Gleichzeitig gab es unter der Ägide liberaler und sozialdemokratischer Staatsfunktionäre wie Wilhelm Abegg (DDP, im Polizeipräsidium und Ministerialdirektor der Polizeiabteilung in Preußen) oder Albert Grzesinski (SPD, Berliner Polizeipräsident, Preußischer Innenminister) erste demokratische Polizei­re­for­men. Abegg versuchte, den Po­lizeiapparat mit Republiktreuen zu besetzen. Grzesinski prägte 1926 mit seiner Devise, die Polizei solle „ein Freund, Helfer und Kamerad der Bevölkerung“ sein, den bis heute populären Leitspruch „ Die Polizei – Dein Freund und Helfer“.
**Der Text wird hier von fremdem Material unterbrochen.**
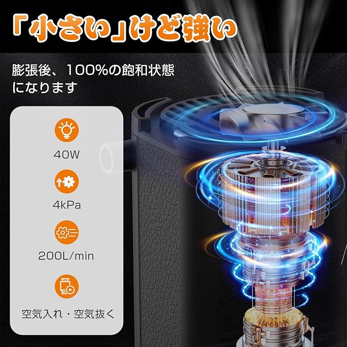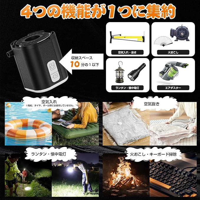 【強力な空気入れと空気抜き】コンパクトだけど風密度200L/分と強力で、4kpaの空気入れる圧力と空気抜く圧力により、エアマットレスを素早く空気入れることができます。 キャンプ、アウトドアでこれがあれば準備が楽ちんです。また、完璧な家庭旅行用品です。は迅速に圧縮袋の空気を抜いて、収納スペースを50%以上節約できます。アウトドア用品や衣類を保管するために多くの時間とスペースを節約できます。

Polizei im Nationalsozialismus
1933 übernahmen die Nationalsozialisten den Staat. Die Polizei wurde daraufhin von liberalen und sozialdemokratischen Beamten gesäubert und mit Nazis aus SA und SS besetzt. Von Februar bis August 1933 wurde eine Hilfspolizei eingerichtet. Sie war im Grunde nichts Anderes als eine Verstaatlichung der nationalsozialistischen paramilitärischen Verbände SA, SS und Stahlhelm und sicherte über den Terror gegen politische Gegner_innen die Machtübernahme ab.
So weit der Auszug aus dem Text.